Our Research Lead, Natalie, shares her insights into our methods for developing surveys that are accessible and informed by the latest scientific research on survey design and behaviour change.
Why survey design matters. Poorly designed surveys produce unreliable and misleading data. They also limit the opportunity to develop meaningful, actionable insights. For respondents, poorly written surveys create confusion and frustration. This can also lead to a lack of trust in the broader engagement process.
Well-designed surveys, on the other hand, are easy and satisfying for respondents to complete. They accurately measure the constructs they are intended to measure, and generate reliable data that is transparent and easy to interpret. There is no perfect generic survey; each survey needs to be customised to gather meaningful responses on the topic of interest. That being said, there are some standard best practices to follow, informed by research into optimal survey design.
12 tips for good survey design
1. Avoid leading questions.
Questions shouldn’t lead respondents to answer in a particular way. This is often done by providing clues in the question that leads people to a response option they think is correct or the most desirable.

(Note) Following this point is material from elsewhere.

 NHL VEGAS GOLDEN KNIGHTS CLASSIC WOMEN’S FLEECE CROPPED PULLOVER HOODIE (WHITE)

For example, the question, “Have you ever put pressure on a GP to prescribe you antibiotics?”, prompts respondents to answer ‘no’ due to the negative connotations associated with ‘putting pressure’ on someone. Better phasing of the question would be: “Have you ever asked a GP to prescribe you antibiotics?”
2. Questions should not be double-barrelled.

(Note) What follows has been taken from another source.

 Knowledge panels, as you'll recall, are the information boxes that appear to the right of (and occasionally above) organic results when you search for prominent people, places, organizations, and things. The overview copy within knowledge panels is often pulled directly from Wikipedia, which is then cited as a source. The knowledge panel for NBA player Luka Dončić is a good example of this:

Double-barrelled questions lead to messy data, as it’s difficult to separate out which part of the question the respondent really answered.
For example, the question: “To what extent were your teachers knowledgeable and supportive?”, should be separated into two separate questions: one asking about the expertise of teachers, and another asking about how supportive they were.
Similarly, the question: “How often do you bike ride to work for environmental reasons?”, should be two separate questions: one about frequency of bike riding to work, and another about motivations for bike riding.
3. Avoid using absolutes in questions.
Absolutes can make people answer questions in a different way to what they might have intended.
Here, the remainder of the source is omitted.